*** DATA ***

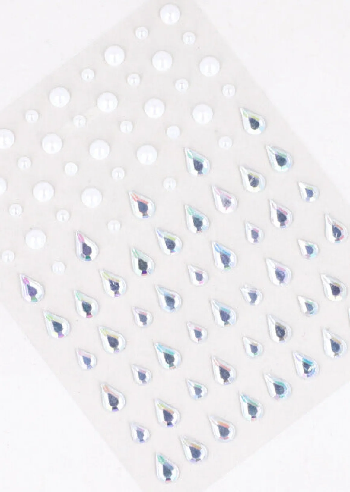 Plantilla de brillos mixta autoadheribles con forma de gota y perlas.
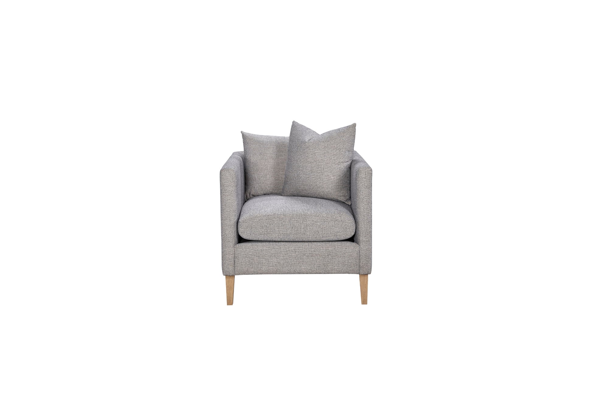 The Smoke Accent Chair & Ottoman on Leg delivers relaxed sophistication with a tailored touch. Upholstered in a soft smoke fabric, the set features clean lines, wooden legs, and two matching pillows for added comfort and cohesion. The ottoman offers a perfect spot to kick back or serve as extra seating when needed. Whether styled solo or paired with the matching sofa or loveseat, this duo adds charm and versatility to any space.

*** End of DATA ***
*** DATA ***

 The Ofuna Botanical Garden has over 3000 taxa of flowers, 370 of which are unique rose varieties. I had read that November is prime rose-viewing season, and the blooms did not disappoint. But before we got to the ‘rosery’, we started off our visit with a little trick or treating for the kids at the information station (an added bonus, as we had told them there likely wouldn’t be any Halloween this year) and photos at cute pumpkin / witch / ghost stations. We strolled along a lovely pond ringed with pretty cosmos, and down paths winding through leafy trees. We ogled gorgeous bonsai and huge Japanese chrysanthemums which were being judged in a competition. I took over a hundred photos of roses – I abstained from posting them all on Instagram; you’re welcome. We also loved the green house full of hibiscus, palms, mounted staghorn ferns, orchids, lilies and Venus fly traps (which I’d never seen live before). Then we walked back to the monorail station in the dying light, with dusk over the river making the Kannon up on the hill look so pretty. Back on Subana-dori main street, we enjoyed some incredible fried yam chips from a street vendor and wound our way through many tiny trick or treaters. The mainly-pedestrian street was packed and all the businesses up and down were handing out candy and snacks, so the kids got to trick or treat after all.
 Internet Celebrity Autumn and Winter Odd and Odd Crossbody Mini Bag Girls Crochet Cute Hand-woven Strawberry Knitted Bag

*** End of DATA ***

Restate word for word the lines of the data above that begin at the line with "Plantilla de brillos" and end at the line with "The Smoke Accent", keeping both ends and dropping every picture.

ANSWER BOX:
 Plantilla de brillos mixta autoadheribles con forma de gota y perlas.
 The Smoke Accent Chair & Ottoman on Leg delivers relaxed sophistication with a tailored touch. Upholstered in a soft smoke fabric, the set features clean lines, wooden legs, and two matching pillows for added comfort and cohesion. The ottoman offers a perfect spot to kick back or serve as extra seating when needed. Whether styled solo or paired with the matching sofa or loveseat, this duo adds charm and versatility to any space.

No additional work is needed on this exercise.